I often think about this one episode of the 1998 TV series Charmed, “Once Upon a Time” (2000), in which the Halliwell sisters must protect a young girl who is being stalked by dark, mythical creatures that lurk in the “in-betweens,” points of time and space at which two worlds intersect and create a door. I have long been fascinated by the idea of what lies just beyond our own realm but stands close enough that, in the right conditions, we might be able to touch it. Or perhaps, more frighteningly, it might touch us. 

The threshold between our own world and another offers an exciting and, if I’m being honest, fearsome landscape that is at once a doorway to adventure and a barrier to untold danger. And it is on this fertile landscape that we see authors sow stories of colliding worlds in which some entities try to break out of their cages, in which others beckon the curious and unsuspecting into their realm, and in which even more threaten destruction to reality as we know it.

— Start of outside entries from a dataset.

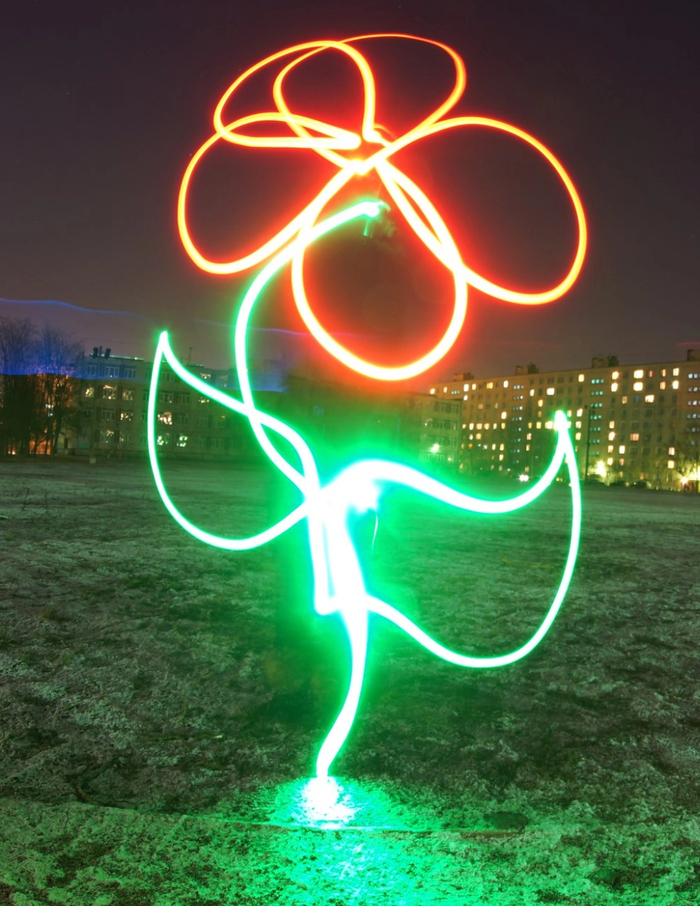 Берем фонарик (лучше цветной), штатив, фотоаппарат и себя. Устанавливаем штатив. С рук не получится- даже легкое движение все испортит. Фотик ставим на максимальную выдержку в темноте и начинаем водить фонариком в воздухе, представляя мысленно изображение которое вам нужно. Ст стороны это выглядит более чем странно. Девушка в потемках, с фонариком приседает, встает, посылает какие-то странные сигналы цветным фонариком. По всей видимости в космос😂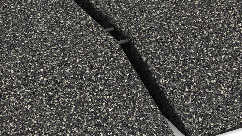 A typical application case is a play island covered with fall protection tiles in a plastered pavement or an asphalted schoolyard. The edge tile is always stuck together with the underfloor and stabilised with a rubber granulate tile surface.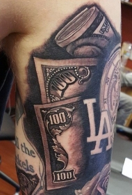 手臂黑棕色美元钞票与时钟纹身图案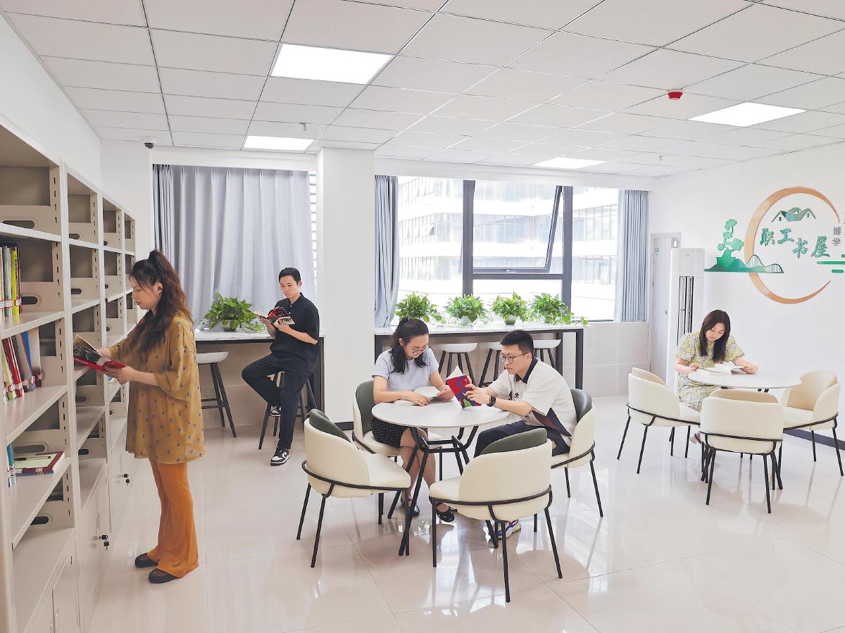 職工書(shū)屋分為陳列區(qū)、閱覽區(qū)和自習(xí)區(qū),圖書(shū)涵蓋黨建理論、文學(xué)藝術(shù)、專(zhuān)業(yè)技能、歷史哲學(xué)、生活百科等類(lèi)別,滿(mǎn)足了職工多樣化的閱讀需求。室內(nèi)還配備了桌椅、閱讀燈等,讓職工在工作之余通過(guò)閱讀放松身心、積攢能量。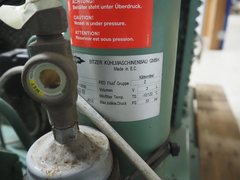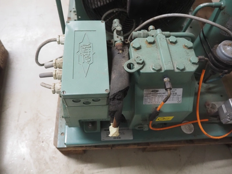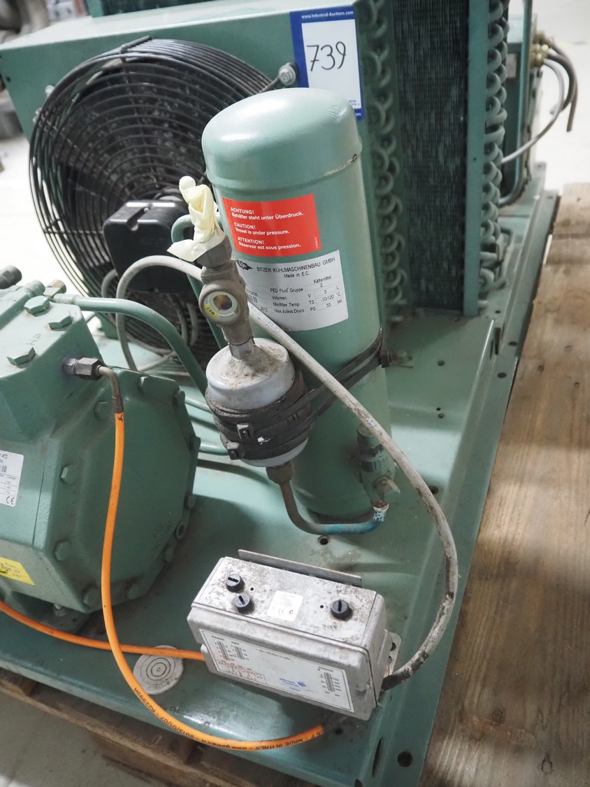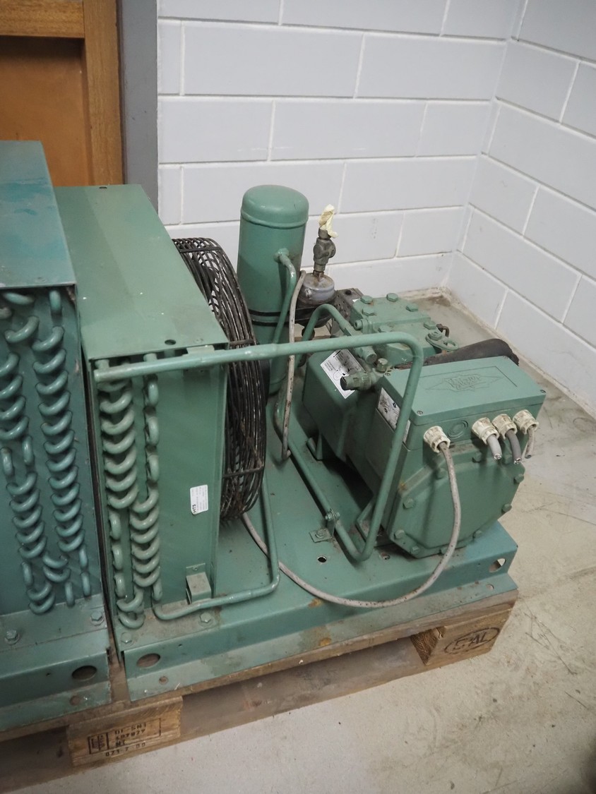 Bitzer Kühlmaschinenbau GmbH cooling compressor with condenser, type: 2JC-07.2Y-40S, serial number: 1684106484, dimensions: 650 mm x 550 mm x 500 mm.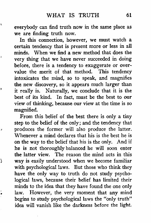 From this belief of the best there is only a tiny step to the belief of the only; and the tendency that produces the former will also produce the latter. Whenever a mind declares that his is the best he is on the way to the belief that his is the only. And if he is not thoroughly balanced he will soon enter the latter view. The reason the mind acts in this way is easily understood when we become familiar with psychological laws. But those who think they have the only way to truth do not study psychological laws, because their belief has limited their minds to the idea that they have found the one only law. However, the very moment that any mind begins to study psychological laws the "only truth" idea will vanish like the darkness before the light.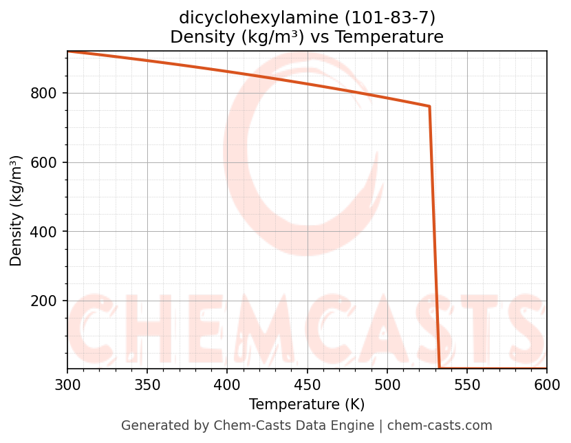 - Specific heat capacity (Cp) indicates the amount of energy required to raise the temperature of dicyclohexylamine and is critical for energy balance and heat-exchanger design.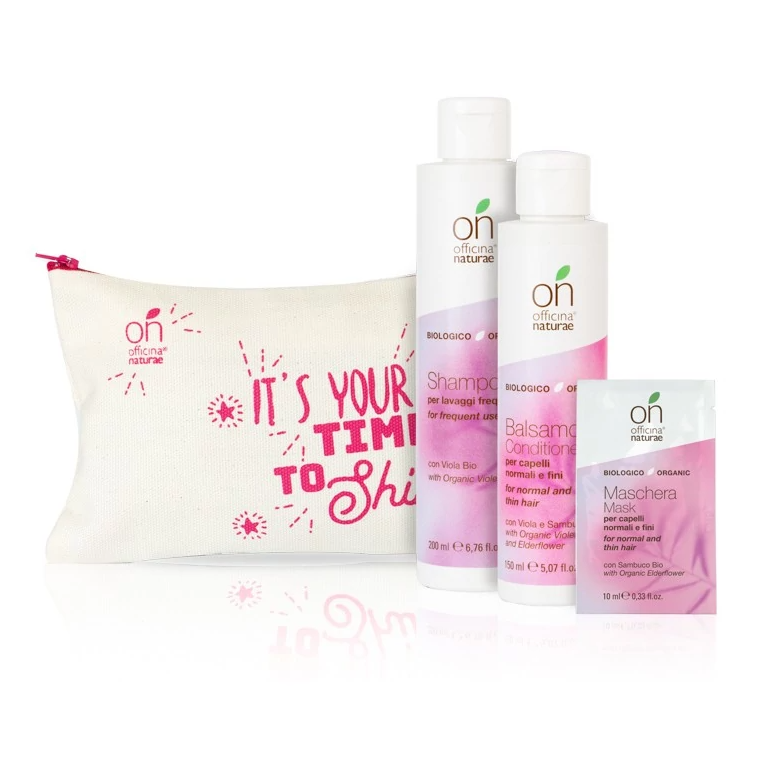 Dove la trovi la carica per partire ogni giorno con la giusta motivazione? Sulla pochette del Mini-Kit Tuttigiorni! Leggi il nostro messaggio stampato su per te! E poi ci vogliono idee chiare in una testa a posto. Per questo nella pochette trovi due prodotti sostenibili della linea onYOU Officina Naturae: lo shampoo da usare quotidianamente e il balsamo per dare vigore ai capelli normali o sottili, che tendono a spezzarsi, da alternare alla maschera con stessa funzione. Ecco il kit da cosa è composto: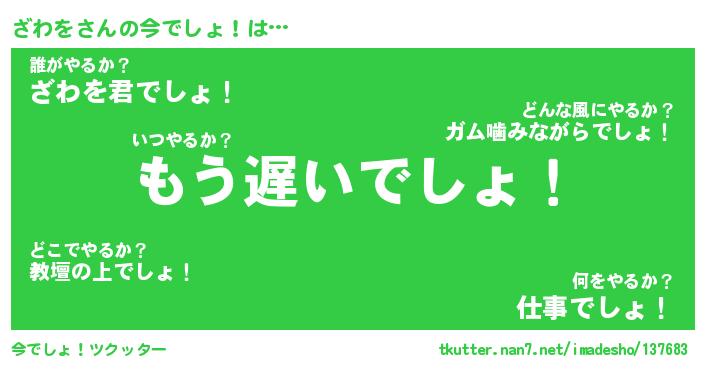 | 肩書あだ名 | 『ざわを店長』『ざわを総理大臣』 |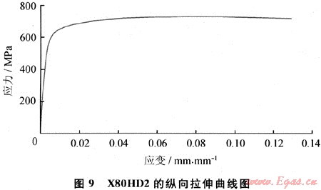 用于西二線的抗大變形鋼管已試制成功。表4是西二線抗大變形管線鋼技術(shù)條件對(duì)縱向拉伸性能的要求。表5為外徑1219mm、壁厚22mm X80HD2鋼管的縱向拉伸性能測試結(jié)果。圖9為其縱向拉伸曲線。根據(jù)此拉伸曲線,利用FEM(Finite Element Method)方法進(jìn)行壓縮和彎曲載荷下的應(yīng)變能力計(jì)算,結(jié)果見表6。
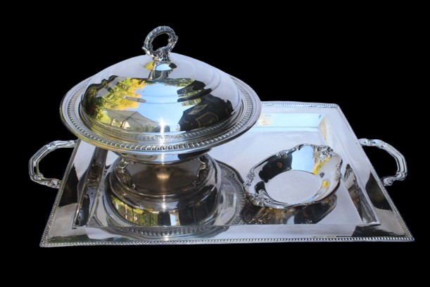 Footed Lidded Silver-Plated Serving Dish/ covered Casserole with Pyrex insert bowl & small ornate vintage silver plate relish dish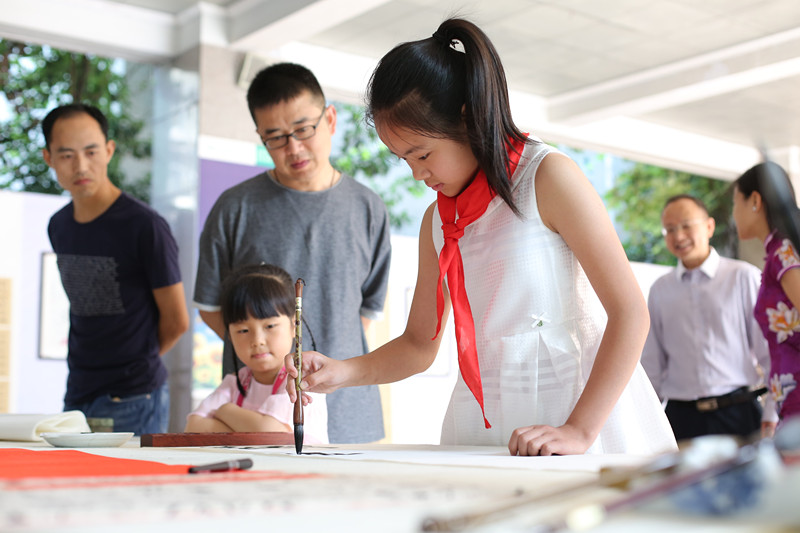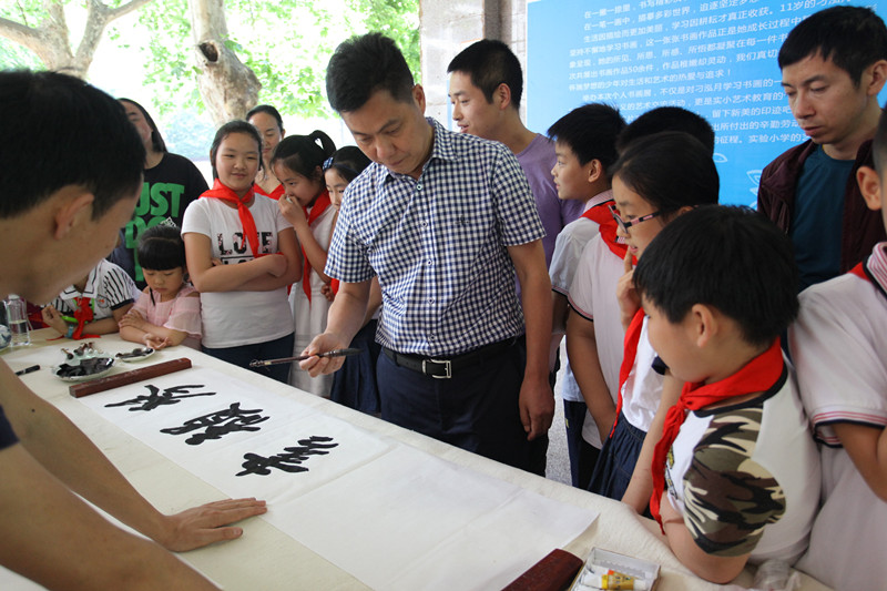 在活动现场,书画名家挥毫泼墨,并结合展出作品,为同学们讲解了书画创作的基本常识。刁鸿月同学手书“见贤思齐”四个楷书大字,表达了对艺术前辈的敬仰之情。这次活动既是绵阳实验小学素质教育成果的一次展示,也是市文联、市书画院文艺志愿服务进校园的一次重要活动。在互动交流中,一粒粒艺术的种子播进了孩子们的心田,书画家与实小师生以书法、绘画的形式迎接“六一”国际儿童节。(文/图 李健 王力)

Through the pages of these six novels, I invite you to glimpse what lurks beyond — beyond Earth, beyond space, beyond time, beyond our own dimension, beyond everything we know to be true. Because whether you slip into strange new worlds or discover that the rest of the world has inexplicably slipped away, you’re sure to land in that irresistible sweet spot between terrific and terrifying as you come face to face with whatever exists on the other side.

 width=Gallant by V.E. Schwab | Greenwillow Books

Raised at a school for independent girls, Olivia Prior knows very little about her family aside from the sparse details contained in the journal her mother left behind. The entries seem to devolve into madness with the turn of every page, but the final entry is a surprisingly lucid letter addressed to Olivia that ends in warning: “You will be safe as long as you stay away from Gallant.” What that means, Olivia hasn’t the faintest idea. That is, until a letter arrives from a mysterious uncle, summoning her home to the family’s estate.

After her long journey, Olivia’s hopes, like the derelict estate she finds, are crumbling. Her uncle is long dead, and no one had been expecting her. But as night falls, the residents feel compelled to shelter her from whatever lurks beyond the relative safety of the manor. Determined to uncover Gallant’s secrets before her disgruntled cousin can send her away, she finds herself drawn to a free-standing wall at the back of the grounds and the locked door that sits at its center. Aptly described as The Secret Garden meets Crimson Peak, Schwab whisks readers into a quietly haunting tale. (Our review.)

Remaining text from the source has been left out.